July 29, 2008
Our Glorious Five-Year Plan
As longtime readers of this humble "weblog" well know, we, the crack young staff of "The Hatemonger's Quarterly," have hardly kept up with our erstwhile brisk e-pace. After all, back in the day, we "posted" each and every weekday--and even found time to compose a Sunday lucubration on the Wizbang "weblog" as well.
Unfortunately, however, our deep-pocketed financial backers decided not to renew our funding, and thus we've been scrambling to make ends meet. (We've also been scrambling eggs to make with our meat, but that, dear reader, is an entirely different story. A tasty story, but, as we suggested, utterly different.)
The long and the short of it, is that you--our highly valued e-customer--have been desperately missing our e-musings. Sure, we've "posted" a witty animadversion every month or so, but that's hardly allowed you to get your fill, now has it?
It is with some aplomb, then, that we, the crack young staff of "The Hatemonger's Quarterly," announce Our New E-Posting Plan--to delight our e-reader(s) with at least one humble "post" a week. Although this won't bring us back to our glory days (or Bruce Springsteen's, either), at least it will make us about as regular as an elderly woman clutching a cup of Metamucil.
For no good reason, we've decided to label this our New Glorious Five-Year Plan. A recent check of Wikipedia informs us that five-year plans have worked really, really well throughout modern history, so we figured it'd be a great bandwagon on which to jump.
So, to start our new (and somewhat lax) committment to Al Gore's World-Wide Web, we offer today's humble discussion. And we proudly invite you to read it to your heart's content. Bask, dear reader, in the gorgeousness that is our coruscating e-genius.
Okay, okay, okay: Let's get down to brass tacks. Since our recent budget massacres, we have been markedly bereft of interns. You see, dear reader, unlike those self-regarding, holier-than-thou magazines of the Left, we don't esteem unpaid child labor. Thus, minus our former big bucks, we have no more interns. And, we hasten to add, no Whammies either.
As a result, we've been unable to keep up with our voluminous e-correspondence. Folks have written to us from as far afield as New Jersey, and we haven't found the time to answer them. It's rude of us, we know, but we've been too busy turning tricks to pay for our "weblog" to concern ourselves with the far more sordid world of e-mail.
In today's "post," then, we figured we'd make a start at answering an e-mail query from our backlog. As prominent "webloggers," we naturally receive numerous e-mails from the rich and important. You know, jet-setters and opinion-makers. Like Mark Furhman.

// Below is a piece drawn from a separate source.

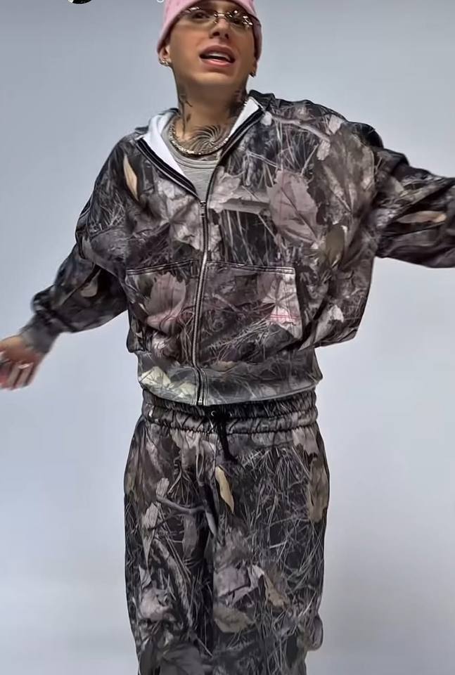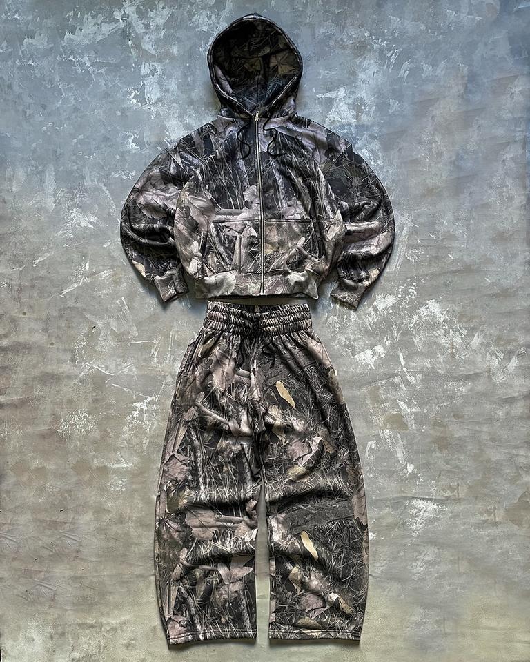 ชุดวอร์มกางเกงลายพรางสำหรับผู้ชายชุดวอร์มกางเกงขาบานลายพรางแนวสตรีทพิมพ์ลายพรางขนาดพลัสไซส์ออกแบบได้ตามต้องการ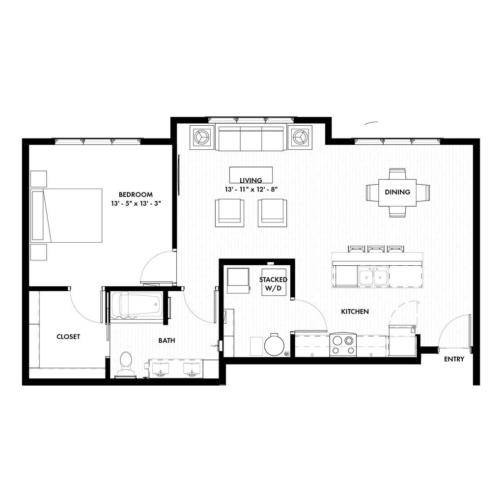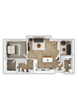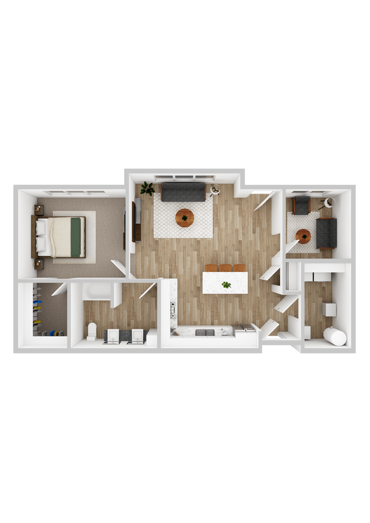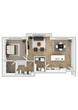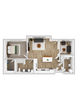 1 Dormitorio, 1 Baño, 845 pies²Disponible Aug 15Galería del Modelo

Under the circumstances, it proved difficult to select a sufficiently impressive e-mail. But we think we've found one. Thus we've picked an e-missive from a gal who identifies herself only as "joanna." Her short message reads as follows:
Hi It`s joanna again. Will you ever contact me? I made those nude pictures especially for you and I wont write to you again! If you wanna see them just drop me a line at: bjoanna051@wildpears.info
Ah, what to say in response? We don't mean to upset the e.e. cummings-esque "joanna," but we're pretty darn sure we've never heard from her before. Consequently, we're more than a bit baffled by her concern that we're brushing her off.
It also beggars belief, we think, that our new pal "made those [?] nude pictures especially for" the entire crack young staff of "The Hatemonger's Quarterly." Admittedly, about half of our staff would delight in such naughty photos, even if they came from e.e. cummings. Or even bell hooks. But the other half of our staff (the distaff staffers) is disgusted.
After talking this through, dear reader, we've decided not to respond (again!) to our dear friend "joanna." In fact, we've come to the--admittedly hasty--conclusion that she doesn't know us as well as she previously supposed. Call us paranoid, but it's as if her epistle were directed at thousands of people at random.
So, dear reader, you see what fun you've been missing? Don't worry: We'll be sure to dive further into our mail bag and pick out some other choice examples of enlightening correspondence. Why, just the other day, a Nigerian we've never met made us a very lucrative business proposal. Not too shabby, eh?